_EXERCISE_
Set down exactly the lines below, starting at the one that contains "Verkleidungen für Seiten-, Hecktür" and ending at the one that contains "45%, 42%, and", with both of those lines included and nothing else.

_RECORDS TO USE_
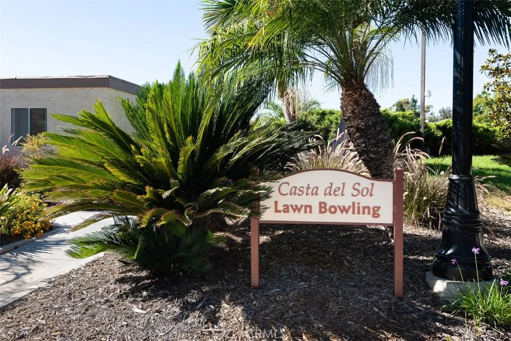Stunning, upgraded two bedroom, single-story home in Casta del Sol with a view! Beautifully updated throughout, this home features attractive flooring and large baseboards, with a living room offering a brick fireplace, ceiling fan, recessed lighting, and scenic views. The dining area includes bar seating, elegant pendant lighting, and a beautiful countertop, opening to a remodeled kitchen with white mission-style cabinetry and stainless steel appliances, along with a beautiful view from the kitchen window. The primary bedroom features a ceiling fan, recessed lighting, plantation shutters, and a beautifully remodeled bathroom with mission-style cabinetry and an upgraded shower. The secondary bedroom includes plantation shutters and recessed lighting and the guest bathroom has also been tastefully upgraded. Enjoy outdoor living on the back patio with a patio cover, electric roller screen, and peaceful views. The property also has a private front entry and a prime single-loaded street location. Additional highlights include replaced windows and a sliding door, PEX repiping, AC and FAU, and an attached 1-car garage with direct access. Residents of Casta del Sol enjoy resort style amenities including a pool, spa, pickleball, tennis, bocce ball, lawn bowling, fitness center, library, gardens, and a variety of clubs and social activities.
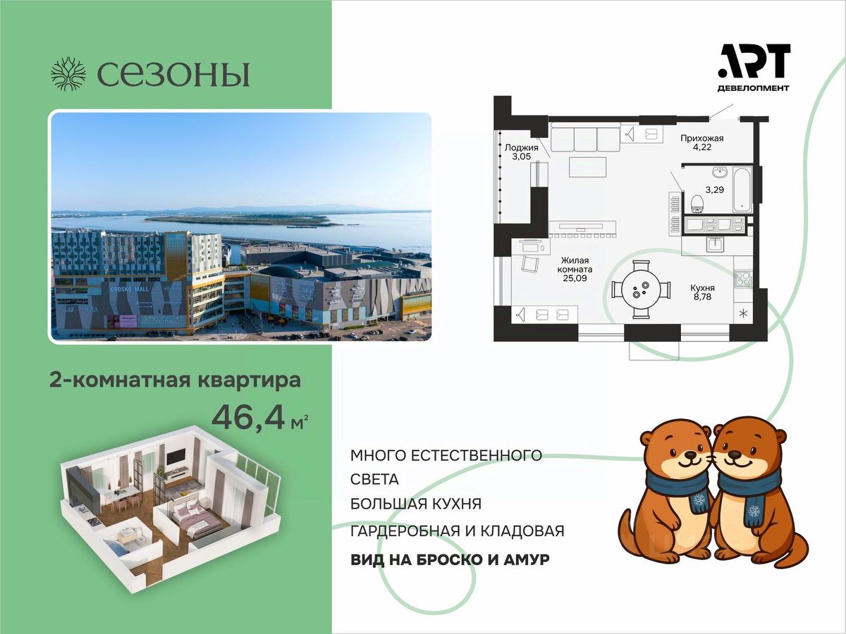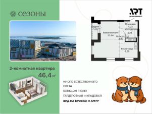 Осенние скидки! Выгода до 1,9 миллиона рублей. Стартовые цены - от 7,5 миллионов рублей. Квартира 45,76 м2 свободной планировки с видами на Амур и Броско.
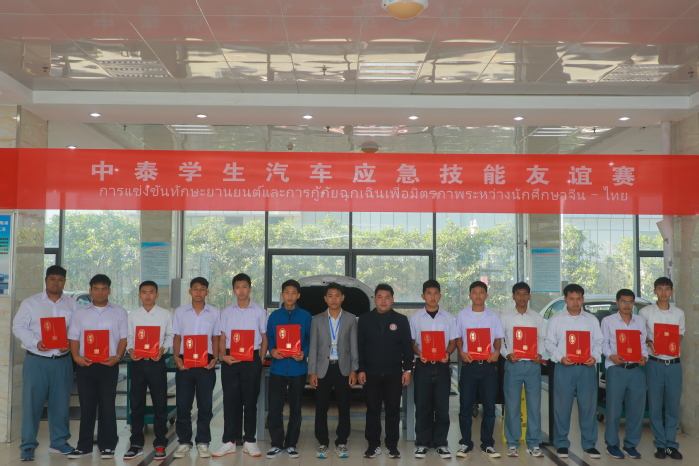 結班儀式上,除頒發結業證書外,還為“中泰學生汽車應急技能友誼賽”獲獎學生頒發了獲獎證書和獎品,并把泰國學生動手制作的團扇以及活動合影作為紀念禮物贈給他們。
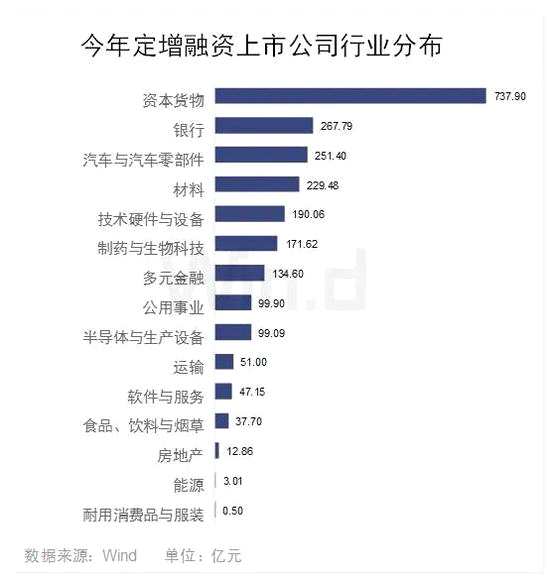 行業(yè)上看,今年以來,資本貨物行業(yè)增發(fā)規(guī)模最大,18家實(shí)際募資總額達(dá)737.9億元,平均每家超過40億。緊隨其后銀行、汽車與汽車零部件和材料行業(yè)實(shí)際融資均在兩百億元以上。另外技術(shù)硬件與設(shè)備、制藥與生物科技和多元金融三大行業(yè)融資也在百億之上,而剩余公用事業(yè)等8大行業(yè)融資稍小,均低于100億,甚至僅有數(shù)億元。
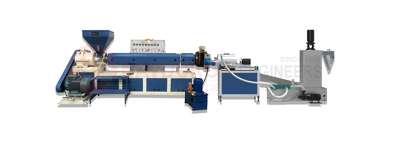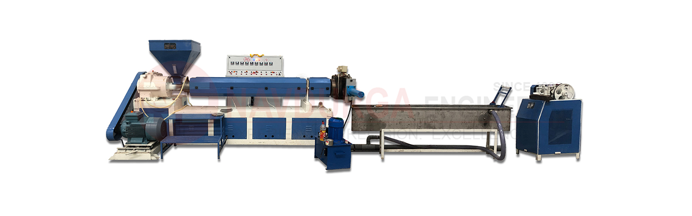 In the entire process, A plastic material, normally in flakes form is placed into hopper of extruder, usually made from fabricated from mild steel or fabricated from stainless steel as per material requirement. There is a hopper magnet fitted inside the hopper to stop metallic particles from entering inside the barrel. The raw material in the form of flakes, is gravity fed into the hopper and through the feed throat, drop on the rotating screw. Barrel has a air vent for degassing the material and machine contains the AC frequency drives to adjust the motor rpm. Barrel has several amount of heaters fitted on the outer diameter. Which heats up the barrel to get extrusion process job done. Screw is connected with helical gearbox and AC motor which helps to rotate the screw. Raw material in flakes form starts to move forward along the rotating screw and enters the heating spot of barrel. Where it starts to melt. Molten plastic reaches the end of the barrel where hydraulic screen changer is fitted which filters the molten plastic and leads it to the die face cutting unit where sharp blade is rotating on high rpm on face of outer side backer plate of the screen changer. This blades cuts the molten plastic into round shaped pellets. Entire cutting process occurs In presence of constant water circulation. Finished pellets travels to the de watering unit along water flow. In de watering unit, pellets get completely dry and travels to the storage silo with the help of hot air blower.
==
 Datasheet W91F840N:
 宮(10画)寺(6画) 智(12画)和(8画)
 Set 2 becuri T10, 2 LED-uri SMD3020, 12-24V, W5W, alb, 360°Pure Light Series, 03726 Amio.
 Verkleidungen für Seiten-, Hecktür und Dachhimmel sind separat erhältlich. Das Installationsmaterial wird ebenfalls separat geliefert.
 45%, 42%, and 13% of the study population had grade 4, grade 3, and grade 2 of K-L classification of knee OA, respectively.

_EXERCISE ANSWER_
 Verkleidungen für Seiten-, Hecktür und Dachhimmel sind separat erhältlich. Das Installationsmaterial wird ebenfalls separat geliefert.
 45%, 42%, and 13% of the study population had grade 4, grade 3, and grade 2 of K-L classification of knee OA, respectively.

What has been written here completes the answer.